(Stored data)
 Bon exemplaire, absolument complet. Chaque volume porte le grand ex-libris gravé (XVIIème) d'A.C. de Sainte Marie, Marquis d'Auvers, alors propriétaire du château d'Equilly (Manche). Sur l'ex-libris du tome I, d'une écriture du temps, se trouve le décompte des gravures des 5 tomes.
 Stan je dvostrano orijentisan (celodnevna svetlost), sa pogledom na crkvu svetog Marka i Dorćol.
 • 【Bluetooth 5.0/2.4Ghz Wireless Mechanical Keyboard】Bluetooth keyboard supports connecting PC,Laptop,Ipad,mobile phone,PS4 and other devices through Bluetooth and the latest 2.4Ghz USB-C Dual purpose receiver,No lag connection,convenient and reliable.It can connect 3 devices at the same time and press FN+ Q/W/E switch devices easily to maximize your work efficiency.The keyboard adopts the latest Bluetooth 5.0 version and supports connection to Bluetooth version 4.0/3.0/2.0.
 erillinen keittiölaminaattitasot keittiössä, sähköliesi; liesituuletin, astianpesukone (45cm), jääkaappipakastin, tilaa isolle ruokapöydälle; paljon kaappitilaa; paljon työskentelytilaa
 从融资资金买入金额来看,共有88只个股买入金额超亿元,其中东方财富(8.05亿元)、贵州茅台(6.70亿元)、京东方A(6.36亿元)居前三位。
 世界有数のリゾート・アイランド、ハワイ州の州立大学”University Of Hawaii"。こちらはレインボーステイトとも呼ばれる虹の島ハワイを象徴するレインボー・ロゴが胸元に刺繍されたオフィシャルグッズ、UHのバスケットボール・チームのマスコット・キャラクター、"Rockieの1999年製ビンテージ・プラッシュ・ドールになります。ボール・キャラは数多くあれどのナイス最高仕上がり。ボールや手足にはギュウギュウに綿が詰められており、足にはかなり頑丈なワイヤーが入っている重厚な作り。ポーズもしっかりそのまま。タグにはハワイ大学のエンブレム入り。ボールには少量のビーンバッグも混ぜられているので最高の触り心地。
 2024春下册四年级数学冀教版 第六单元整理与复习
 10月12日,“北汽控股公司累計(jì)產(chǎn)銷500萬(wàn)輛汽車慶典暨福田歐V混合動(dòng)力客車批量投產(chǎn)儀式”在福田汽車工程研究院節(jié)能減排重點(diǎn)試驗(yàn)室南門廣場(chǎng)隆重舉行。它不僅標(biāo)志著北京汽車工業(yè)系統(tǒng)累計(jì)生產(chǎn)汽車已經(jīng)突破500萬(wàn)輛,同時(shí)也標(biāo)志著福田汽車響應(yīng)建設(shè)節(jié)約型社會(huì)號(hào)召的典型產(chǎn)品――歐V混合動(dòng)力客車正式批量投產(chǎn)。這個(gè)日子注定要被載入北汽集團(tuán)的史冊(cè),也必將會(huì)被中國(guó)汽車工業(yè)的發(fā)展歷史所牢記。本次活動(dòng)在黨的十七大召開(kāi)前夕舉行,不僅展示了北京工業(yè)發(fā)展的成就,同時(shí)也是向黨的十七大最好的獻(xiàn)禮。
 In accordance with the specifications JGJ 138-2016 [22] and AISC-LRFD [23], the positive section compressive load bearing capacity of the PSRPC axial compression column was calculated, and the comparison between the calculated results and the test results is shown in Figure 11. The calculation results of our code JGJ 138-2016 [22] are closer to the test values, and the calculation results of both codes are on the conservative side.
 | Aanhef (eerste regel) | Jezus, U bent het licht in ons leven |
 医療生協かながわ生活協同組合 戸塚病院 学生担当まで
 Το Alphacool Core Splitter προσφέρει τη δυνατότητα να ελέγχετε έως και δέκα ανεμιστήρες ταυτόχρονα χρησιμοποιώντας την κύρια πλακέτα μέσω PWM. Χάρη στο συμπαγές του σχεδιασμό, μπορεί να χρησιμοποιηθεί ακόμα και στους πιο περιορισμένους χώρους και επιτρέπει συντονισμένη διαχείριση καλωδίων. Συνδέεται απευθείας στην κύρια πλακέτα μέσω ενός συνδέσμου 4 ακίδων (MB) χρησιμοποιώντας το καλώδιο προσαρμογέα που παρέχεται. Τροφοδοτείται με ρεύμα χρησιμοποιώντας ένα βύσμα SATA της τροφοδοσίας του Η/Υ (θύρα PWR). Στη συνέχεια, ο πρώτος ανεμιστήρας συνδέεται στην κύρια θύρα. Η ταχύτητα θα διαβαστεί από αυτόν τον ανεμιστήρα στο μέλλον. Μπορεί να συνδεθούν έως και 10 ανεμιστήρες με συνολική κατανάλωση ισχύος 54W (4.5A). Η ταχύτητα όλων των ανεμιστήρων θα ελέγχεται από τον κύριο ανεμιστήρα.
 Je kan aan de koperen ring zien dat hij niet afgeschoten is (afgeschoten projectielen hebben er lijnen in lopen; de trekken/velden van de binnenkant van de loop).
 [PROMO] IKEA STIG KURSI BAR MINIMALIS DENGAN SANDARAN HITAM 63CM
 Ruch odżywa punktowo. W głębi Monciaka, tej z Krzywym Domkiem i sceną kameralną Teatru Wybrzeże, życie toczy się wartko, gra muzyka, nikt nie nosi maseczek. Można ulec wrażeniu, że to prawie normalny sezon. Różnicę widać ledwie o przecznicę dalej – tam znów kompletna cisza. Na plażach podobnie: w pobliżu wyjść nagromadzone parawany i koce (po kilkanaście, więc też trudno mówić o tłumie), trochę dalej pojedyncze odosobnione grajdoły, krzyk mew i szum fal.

**TASK DESCRIPTION:** Could you restate word for word the lines above, from the one that contains "In accordance with" through the one that contains "[PROMO] IKEA STIG", and no others?

**PROBLEM SOLUTION:**
 In accordance with the specifications JGJ 138-2016 [22] and AISC-LRFD [23], the positive section compressive load bearing capacity of the PSRPC axial compression column was calculated, and the comparison between the calculated results and the test results is shown in Figure 11. The calculation results of our code JGJ 138-2016 [22] are closer to the test values, and the calculation results of both codes are on the conservative side.
 | Aanhef (eerste regel) | Jezus, U bent het licht in ons leven |
 医療生協かながわ生活協同組合 戸塚病院 学生担当まで
 Το Alphacool Core Splitter προσφέρει τη δυνατότητα να ελέγχετε έως και δέκα ανεμιστήρες ταυτόχρονα χρησιμοποιώντας την κύρια πλακέτα μέσω PWM. Χάρη στο συμπαγές του σχεδιασμό, μπορεί να χρησιμοποιηθεί ακόμα και στους πιο περιορισμένους χώρους και επιτρέπει συντονισμένη διαχείριση καλωδίων. Συνδέεται απευθείας στην κύρια πλακέτα μέσω ενός συνδέσμου 4 ακίδων (MB) χρησιμοποιώντας το καλώδιο προσαρμογέα που παρέχεται. Τροφοδοτείται με ρεύμα χρησιμοποιώντας ένα βύσμα SATA της τροφοδοσίας του Η/Υ (θύρα PWR). Στη συνέχεια, ο πρώτος ανεμιστήρας συνδέεται στην κύρια θύρα. Η ταχύτητα θα διαβαστεί από αυτόν τον ανεμιστήρα στο μέλλον. Μπορεί να συνδεθούν έως και 10 ανεμιστήρες με συνολική κατανάλωση ισχύος 54W (4.5A). Η ταχύτητα όλων των ανεμιστήρων θα ελέγχεται από τον κύριο ανεμιστήρα.
 Je kan aan de koperen ring zien dat hij niet afgeschoten is (afgeschoten projectielen hebben er lijnen in lopen; de trekken/velden van de binnenkant van de loop).
 [PROMO] IKEA STIG KURSI BAR MINIMALIS DENGAN SANDARAN HITAM 63CM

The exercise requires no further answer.